Similarly, the test results show that one application server only requires 15% of the database CPU capacity, so a single database probably supports five application servers. However, as a rule of thumb, assume no more than 80% CPU utilization on a database server before impacting overall application response time. On the basis of these results, we develop the following planning ratios:

 1 HTTP server : 4 application servers 5 application servers : 1 database server 

Now, let's reapply these ratios to our earlier projections. In our example, we estimated requiring five application servers to handle the web site's load. Using our newly developed ratios, we plan for two HTTP servers, five application servers, and one database server to support the web site's load. Table 15.11 contains the completed projections.

Table 15.11. Final Hardware Projections
  Number of Application Servers Number of Times to Scale HTTP Servers Number of Times to Scale Databases HTTP Server Database Server
36. 5 at 75% 1 2 at 40% 1 at 75%

At this point, if you've never tested with multiple HTTP servers, it might be worthwhile to set up a small test in your lab with two HTTP servers and two application servers. Through this test, you establish that the HTTP servers do not impact vertical scalability. While we feel very confident that this is true for most commercial HTTP servers, any time you develop a plan with an untested configuration, consider testing this setup briefly to confirm your assumptions about its performance.

In this example, we've discussed horizontal scaling for this web site and how to develop estimates for a cluster of machines. Of course, if you prefer, you might apply your vertical scaling test results in the capacity planning phase and develop a plan for growing your existing hardware rather than acquiring more machines. In fact, depending on the headroom in your calculations, consider vertically scaling the database server. We currently project 75% utilization for this component, which nears its maximum useful capacity. Placing it on a larger machine gives you a wider margin of comfort .

Scaling Assumptions

As the previous exercise demonstrated, capacity planning involves a certain amount of guesswork. The closer your tests come to simulating production conditions and loads, the better your capacity projections. Once you deploy your application, monitor its performance and validate the assumptions you made about load and usage patterns. Often, things don't quite operate as planned, and you must readjust your web site accordingly .

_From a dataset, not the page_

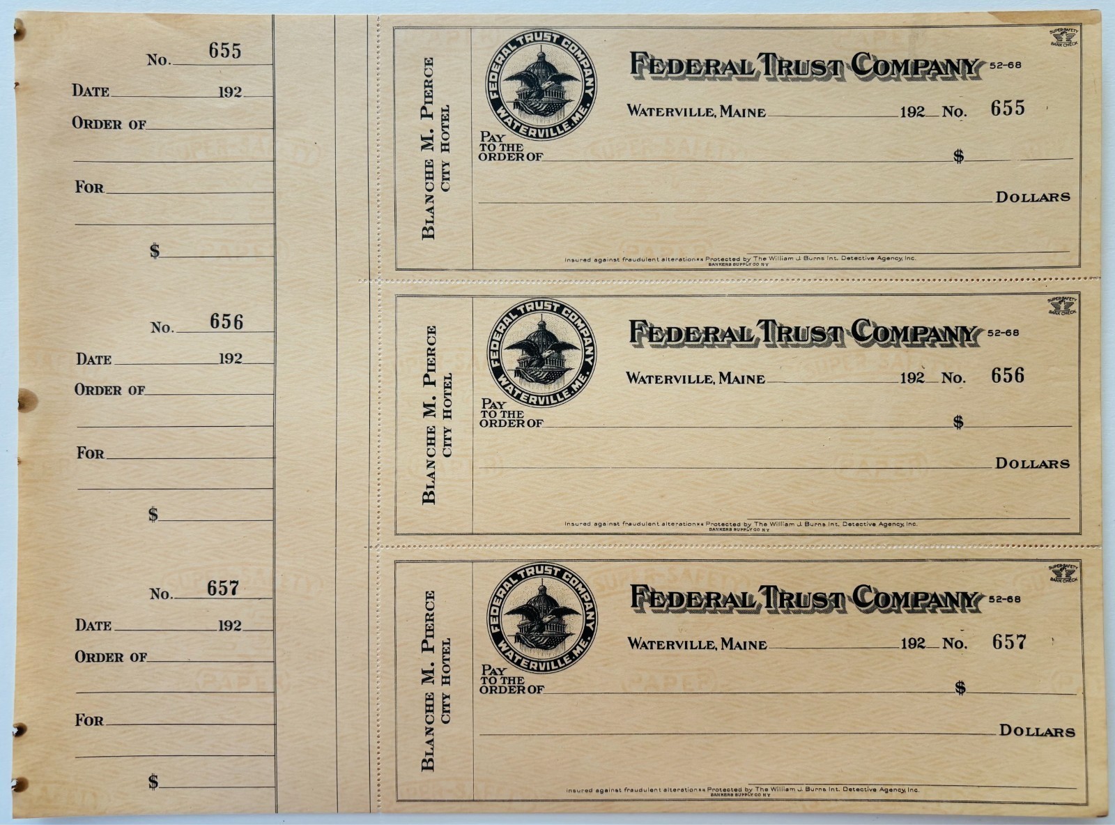 1920 Federal Trust Checks Lot of 3 City Hotel Waterville Maine 655-657 F18C2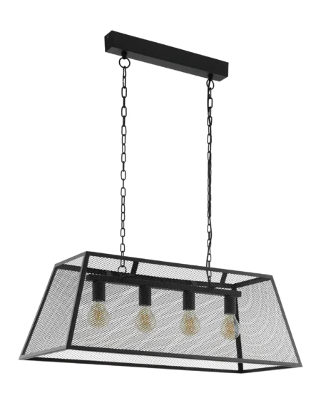 AMESBURY Pendant Light – Black Steel Bar Frame with 4×E27 Sockets – 95cm ×38cm ×110cm – Vintage-Industrial Linear Chandelier – 2‑Year Warranty

Before you have production data, what are reasonable assumptions to make based on test hardware configuration and test results? If your tests were comprehensive enough to actually meet your user load and response time goals, start by assuming that your production application performs comparably to your test application. It bears repeating: This assumption is only as good as the test plan behind it, as well as your ability to simulate the production environment and user patterns. Having performance data that covers your expected load makes your capacity planning much easier. Use the test numbers directly, apply a headroom factor to account for any estimation errors or unexpected conditions, and complete the planning exercise.

Looking back to our example, if we really required only 1,000 users and a one-second response time, the test data shows us directly that we can support this with one server. If you want significant headroom in this case, use a two-server cluster (also included in our tests). Your test data gives you a higher level of confidence that the two-server cluster meets your capacity requirements. Sometimes it's impossible to test the full load of the web site in your test lab. In these cases, the extrapolations we just covered provide the best planning data available.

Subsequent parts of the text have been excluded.